I went to see Samsara, and it’s propelled my mind even further. Though maybe in alternate directions.
The movie is a mind-blowing visual social commentary that divulges bits and pieces of a world I will never fully comprehend. Of places, people and conditions I often forget exist. Of a planet that makes me feel so small. So unappreciative. So privileged. So fascinated and driven to learn more.
From a film perspective, Samsara is fantastic. The sequenced images evoke every sense throughout, without words or any trace of spoken narration. The shots, whether revealing sites of opulence or filth, are all jaw-droppingly stunning, and I left the theater entirely enamored and inspired. Of course I would love to create something like this. And of course I would love to travel and experience 25 different countries. With my camera in my hand.
But again, aside from my captivation with the actual craftsmanship of this film, it’s left me thinking a lot about life. And how my views of its meaning must be significantly astray from those of a Tibetan monk who dedicates his life to Buddhist rituals. One who will spend weeks carefully crafting colorful mandellas made of sand, that, upon completion, will promptly get shattered. Or of a Chinese laborer, day in and day out, tightening the same screw in the same place of every model of clothing iron that runs down a conveyer belt for 12 hours each day.
What do these people make of the meaning of life? Does the exploration of this cross their minds? And if so, are the ensuing thoughts that different from my own?
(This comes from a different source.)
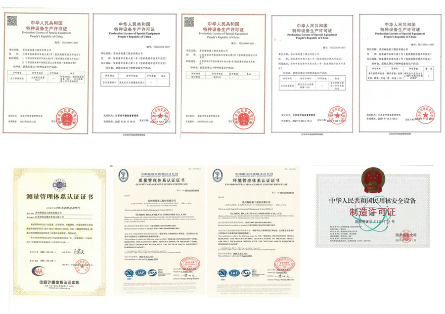 海陸制造與國(guó)際接軌,擁有資質(zhì)居同行首列。公司現(xiàn)持有A級(jí)鍋爐、A1、A2、A3級(jí)壓力容器制造、設(shè)計(jì)許可證,美國(guó)ASME"S、U"鋼印授權(quán)證書及中國(guó)CCS、英國(guó)LR、德國(guó)GL、挪威DNV、法國(guó)BV等國(guó)內(nèi)外船級(jí)社的工廠認(rèn)可證書。

Sometimes I wish I wasn’t going through this period of analysis. Sometimes I wonder about the purpose of wondering. Other times, I’m happy I can step back and see that there’s a bigger picture, and realize that menial bothers are what they are – trivial.
Samsara has left me in deeper contemplation about how life is just a bunch of decisions of how to fill and fulfill time. And of course, how to survive. How each of these aspects is different for every individual, every culture, every country, is literally mesmerizing. As for what all that means? I still don’t know. Part of me wishes I didn’t care.